-- AVAILABLE DATA follows --

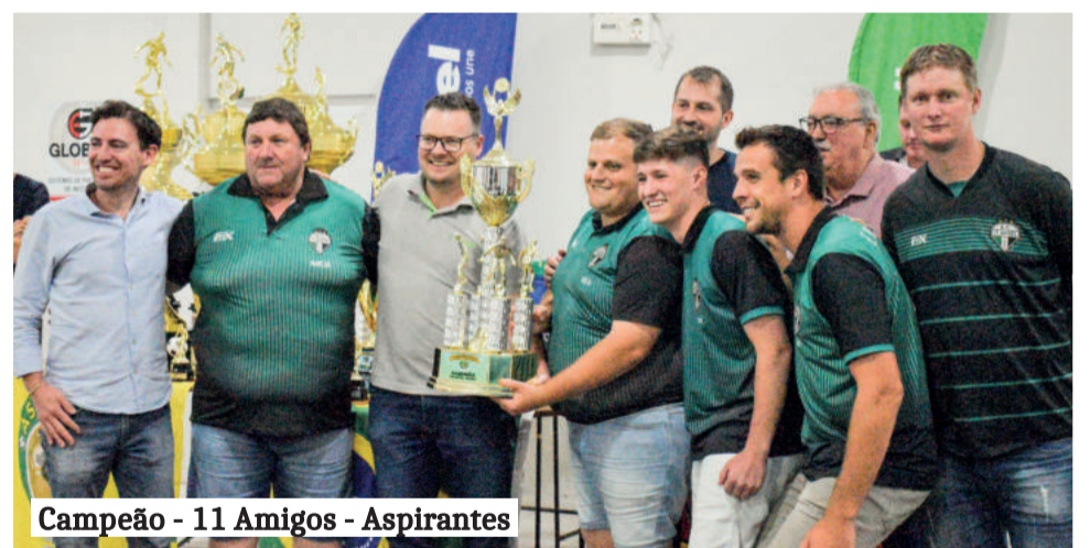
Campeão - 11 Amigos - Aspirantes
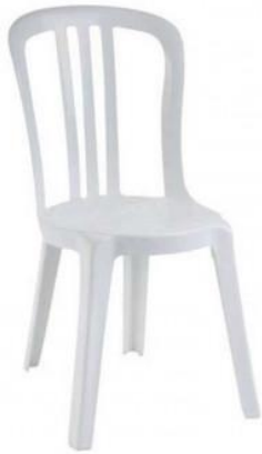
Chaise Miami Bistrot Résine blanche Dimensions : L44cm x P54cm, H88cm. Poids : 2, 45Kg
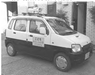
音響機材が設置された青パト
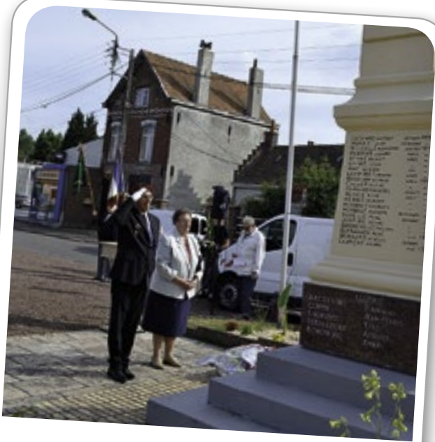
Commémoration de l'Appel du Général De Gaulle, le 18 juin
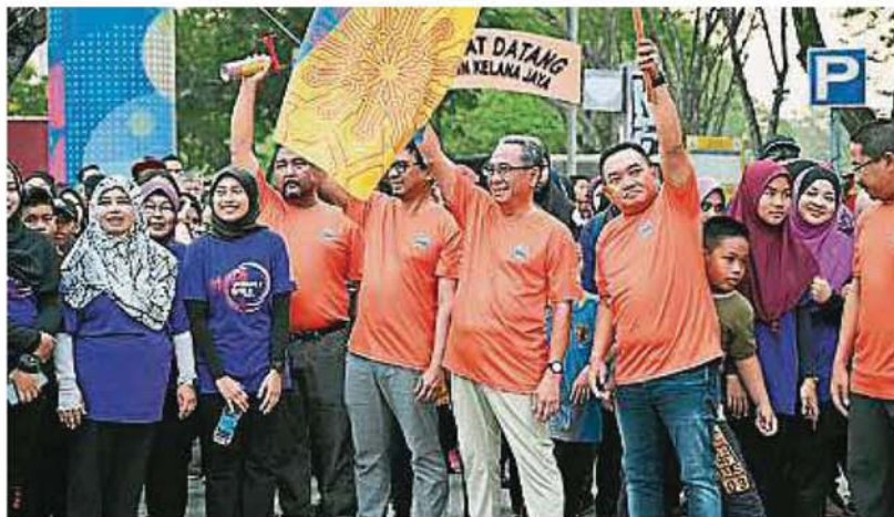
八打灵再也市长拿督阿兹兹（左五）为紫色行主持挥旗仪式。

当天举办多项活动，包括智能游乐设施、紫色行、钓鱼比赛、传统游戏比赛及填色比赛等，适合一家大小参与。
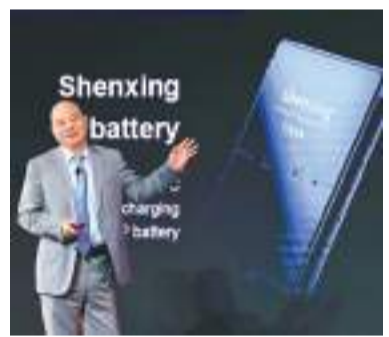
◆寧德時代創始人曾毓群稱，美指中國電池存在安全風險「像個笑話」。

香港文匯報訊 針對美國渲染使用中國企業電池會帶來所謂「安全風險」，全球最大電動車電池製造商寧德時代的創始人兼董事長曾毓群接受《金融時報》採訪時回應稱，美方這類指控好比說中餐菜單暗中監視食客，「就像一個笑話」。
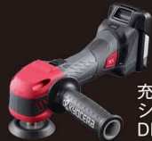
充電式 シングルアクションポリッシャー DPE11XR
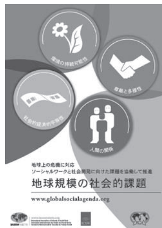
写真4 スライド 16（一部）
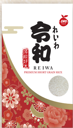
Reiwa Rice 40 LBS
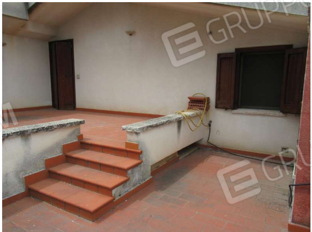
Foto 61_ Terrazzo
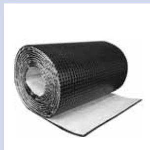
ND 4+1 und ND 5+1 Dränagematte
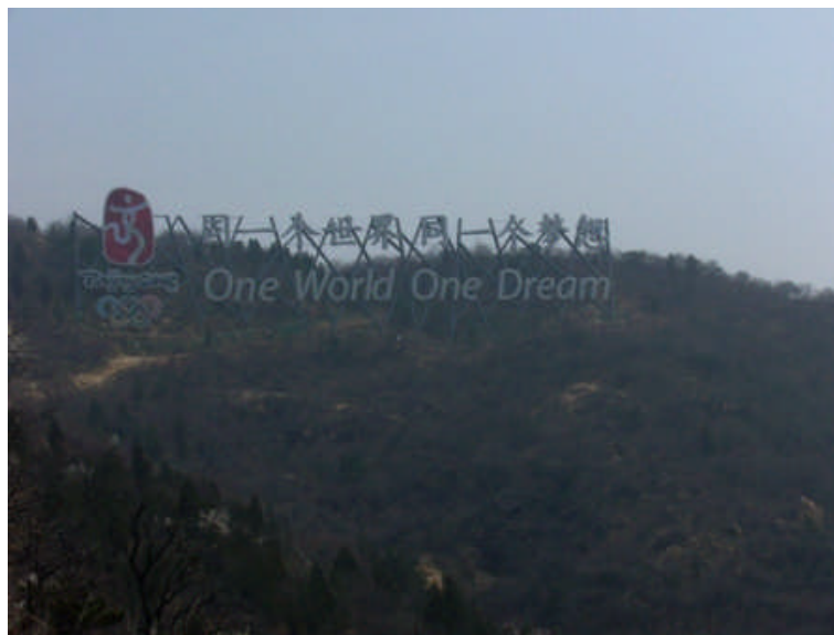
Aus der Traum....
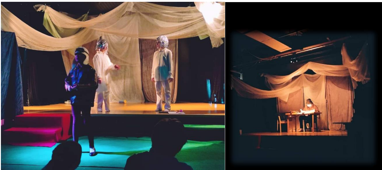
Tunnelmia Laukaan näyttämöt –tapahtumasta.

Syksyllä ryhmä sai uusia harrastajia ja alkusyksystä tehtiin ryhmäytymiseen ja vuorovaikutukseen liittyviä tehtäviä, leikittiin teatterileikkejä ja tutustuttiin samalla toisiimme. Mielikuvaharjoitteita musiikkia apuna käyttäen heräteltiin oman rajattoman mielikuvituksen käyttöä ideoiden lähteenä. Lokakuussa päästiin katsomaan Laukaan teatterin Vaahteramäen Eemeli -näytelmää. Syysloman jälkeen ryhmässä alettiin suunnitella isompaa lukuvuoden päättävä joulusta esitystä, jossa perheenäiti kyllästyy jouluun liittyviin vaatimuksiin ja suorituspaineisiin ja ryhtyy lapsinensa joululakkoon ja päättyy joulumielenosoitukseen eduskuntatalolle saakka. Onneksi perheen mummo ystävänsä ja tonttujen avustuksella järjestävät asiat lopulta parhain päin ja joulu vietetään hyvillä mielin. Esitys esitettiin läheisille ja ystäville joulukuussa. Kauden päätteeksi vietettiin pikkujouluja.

-- AVAILABLE DATA concluded --

Print from the line containing "ND 4+1 und ND 5+1 Dränagematte" through the line containing "Tunnelmia Laukaan näyttämöt –tapahtumasta." in the data above, exactly as the lines stand, and omit every picture.

ND 4+1 und ND 5+1 Dränagematte
Aus der Traum....
Tunnelmia Laukaan näyttämöt –tapahtumasta.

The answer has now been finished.